Removing Duplicate PATH Entries, Part II: the Rise of Perl

 

With apologies to Arnold and the Terminator franchise for the title, let's look one more time at removing duplicates from the PATH variable. This take on doing it was prompted by a comment from a reader named Shaun on the previous post that asked "if you're willing to use a non-bash solution (AWK) to solve the problem, why not use Perl?" Shaun was kind enough to provide a Perl version of the code, which was good, since I'd have been hard-pressed to come up with one. It's a short piece of code, shorter than the AWK version, so it seemed like it ought to be fairly easy to pick it apart. In the end, I'm not sure I'd call it easy, but it was interesting, and I thought other non-Perl programmers might find it interesting too.

 

First, let me repeat from the first post: there is no compelling reason to remove duplicates from your PATH variable; the shell will ignore the second and subsequent occurrences of a duplicate path.

The code, slightly modified, from the comment was:

PATH='/usr/bin:/bin::/usr/local/bin:/root/new folder:/bin:/usr/bin'
PATH=$(perl -E 'chomp($_=<>);say join":",grep{$_&&!$_{$_}++}split/:/' <<<$PATH)

To make that a bit easier to read, I rearranged it a bit and added a touch of white space and put it in a file:

chomp($_ = <>);
say join ":", grep { $_ && !$_{$_}++ } split /:/

Just to make sure something didn't get messed up, I ran that, and of course, as is usual the first time you try something, it fails:

$ perl test.pl <<<'/usr/bin:/bin::/usr/local/bin:/root/new folder:/bin:/usr/bin'
syntax error at test.pl line 2, near "say join"
Execution of test.pl aborted due to compilation errors.

The culprit here is the -E option, or the lack of it in this case, that was used in the original command. The -E option, in addition to passing the script as a string to the interpreter also enables some newer Perl features that aren't enabled by default. In this case, it's the say feature. To enable those newer features in a script file, you need to tell Perl to use the feature:

use feature qw(say)   # use "say" feature
chomp($_ = <>);
say join ":", grep { $_ && !$_{$_}++ } split /:/

After that, it runs as expected:

$ perl test2.pl <<<'/usr/bin:/bin::/usr/local/bin:/root/new folder:/bin:/usr/bin'
/usr/bin:/bin:/usr/local/bin:/root/new folder

So how does it work? In the broadest sense, it works pretty much the same way as the AWK version did: it splits the path on colons, uses an associative array (aka a hash in Perl) to determine whether a path element has been seen before, and then once the final list of paths is known, it joins them back together with colons. But, let's step through the details a bit.

The first line (ignoring the use line) invokes the chomp function on $_=<>. Chomp is pretty straightforward; it removes a single "record separator" from each of its arguments. The default record separator is a newline, as it is in AWK. The argument to chomp is an assignment expression that assigns the null file handle <> to Perl's "default input and pattern-searching space", which is the variable named $_. The null file handle, in this case the standard input via bash's <<< syntax, is the value of the path variable. The default pattern space is equivalent to $0 in AWK: it is the data that functions operate on by default in the absence of an explicit variable/expression.
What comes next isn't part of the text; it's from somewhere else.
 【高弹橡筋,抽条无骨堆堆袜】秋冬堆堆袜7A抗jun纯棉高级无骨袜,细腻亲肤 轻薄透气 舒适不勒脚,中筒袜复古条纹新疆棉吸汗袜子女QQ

So the assignment expression $_=<> assigns the path to the pattern space, then the chomp function removes a record separator from the end of the pattern space. All that was a long-winded way of saying that the first line of code removes that pesky newline from the input. If you remember from the first post, the newline was eliminated by adding the -n option to echo.

Note: The Null File Handle

The full story of Perl's <> is a bit more involved. Things between "<" and ">" are file handles, so for example, <STDIN> refers to the standard input. But there are some magic file handles, such as <ARGV>, which refers to the input files to the script specified on the command line. The input files are read in order, line by line, as you read from <ARGV>. If no input files are specified on the command line, Perl sets <ARGV> to "-", so that the standard input is read. The null file handle, <>, is the equivalent of <ARGV>.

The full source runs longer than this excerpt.